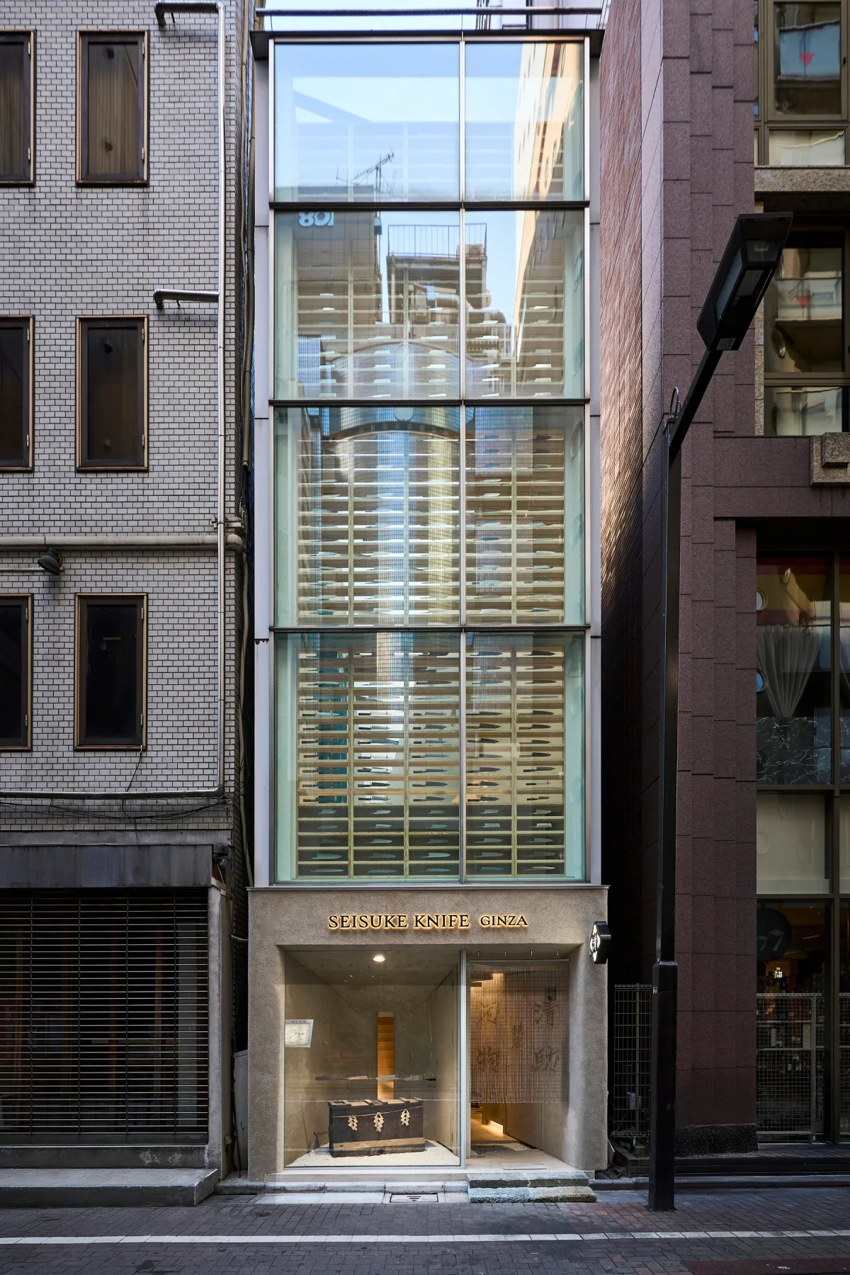 店内の中心には、「The Glass Archives of Forging」という名のディスプレイが設置され、約8メートルの吹き抜け空間に並ぶ包丁は、時間と技の積み重ねを象徴した“時間のアーカイブ”として訪れる人々に感動を与えます。この場所で、美しさや歴史を感じながらじっくりと選ぶ貴重な体験が待っています。
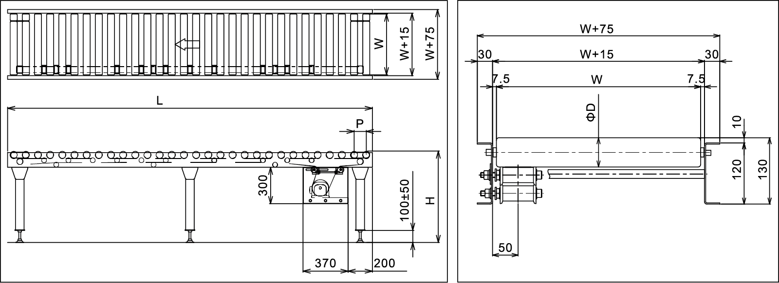 Også kendt som friktionssele-rulleoverførselsstransportøren drives det af et friktionsbælte og er velegnet til transport af lette, store størrelser som træplader, bølgepoller og sammensatte materialer. Det er enkelt, let at installere og vedligeholde.
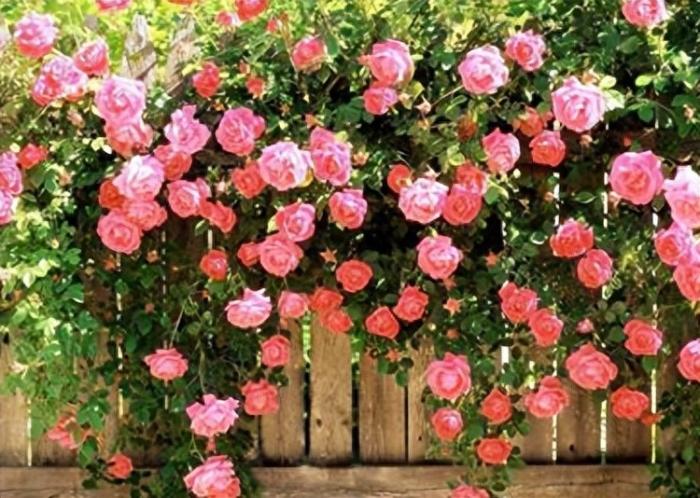 冉冉初夏時,薔薇花又開,開在柵欄上,美麗了籬笆牆,遠遠望著它,數不清的枝條,密匝匝的花,聞著薔薇悠悠香,把愛的思念變濃。

**What to do**
Retype all of the data above word for word, excluding the pictures.

**Solution**
 店内の中心には、「The Glass Archives of Forging」という名のディスプレイが設置され、約8メートルの吹き抜け空間に並ぶ包丁は、時間と技の積み重ねを象徴した“時間のアーカイブ”として訪れる人々に感動を与えます。この場所で、美しさや歴史を感じながらじっくりと選ぶ貴重な体験が待っています。
 Også kendt som friktionssele-rulleoverførselsstransportøren drives det af et friktionsbælte og er velegnet til transport af lette, store størrelser som træplader, bølgepoller og sammensatte materialer. Det er enkelt, let at installere og vedligeholde.
 冉冉初夏時,薔薇花又開,開在柵欄上,美麗了籬笆牆,遠遠望著它,數不清的枝條,密匝匝的花,聞著薔薇悠悠香,把愛的思念變濃。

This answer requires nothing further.